The purpose of this repository is to demonstrate the ETL process for integrating the MIMIC-III Demo [1] intensive care data into a tranSMART instance with the ETL import tool tranSMART-batch [2] using the highdimensional data format to represent time series data.
The directory mtt
represents a python module that reads MIMIC tables, transforms and exports them in a format that is readable by the import tool TranSMART-batch [2].
The directory data/output/
contains a transformed result of the application, which can be imported into TranSMART. The required study.params
and clinical.params
definition files, which are required to import the dataset, are located in the subdirectory data/output/MIMIC3_DEMO/
alongside with all other required data definitions. By default, the MIMIC-III tables will be loaded from the data directory, too. (Not included in this repository, link in the references).
The application is written in Python 3.8.3, but doesnt use any advanced features of the newer Python 3 versions, so any Python 3+ installation should be able to run it.

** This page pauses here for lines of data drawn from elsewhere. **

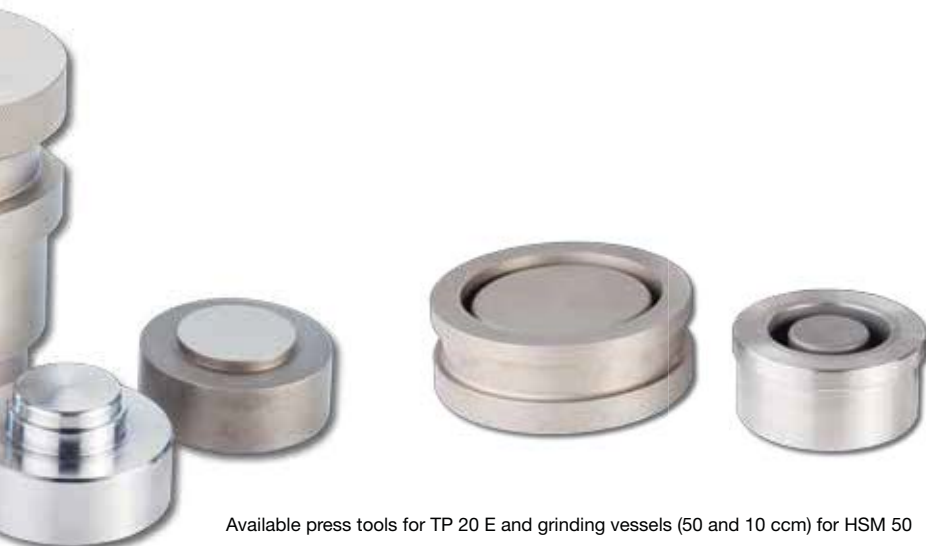
Available press tools for TP 20 E and grinding vessels (50 and 10 ccm) for HSM 50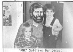
"RNR" Soldiers for Jesus!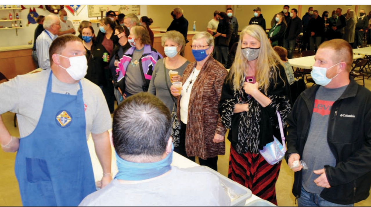
The New Prague Knights of Columbus held their first all take out fish fry on Friday, March 5, at the Knights of Columbus Hall. The Knights of Columbus served 385 meals. There was such a high demand that people sometimes had to wait for their meals. While all the meals were take out, 80 people decided to have them at the KC Hall.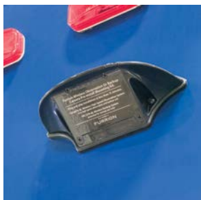
Backup Camera Prep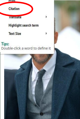
Canadian actor Ryan Reynolds

In addition, the following modules are required:
- prettytable (https://github.com/jazzband/prettytable)
All other used modules should be part of the Python 3 standard library.
To successfully run the module and generate a tranSMART dataset you have to clone this repository and download the MIMIC-III demo dataset (link in the references).
The first step is to navigate in the directory of the cloned repository.
By default the MIMIC-III tables are expected to be located in the directory /data/input/mimic-iii-clinical-database-demo-1.4/
as .csv
files. The path can be changed as described later on.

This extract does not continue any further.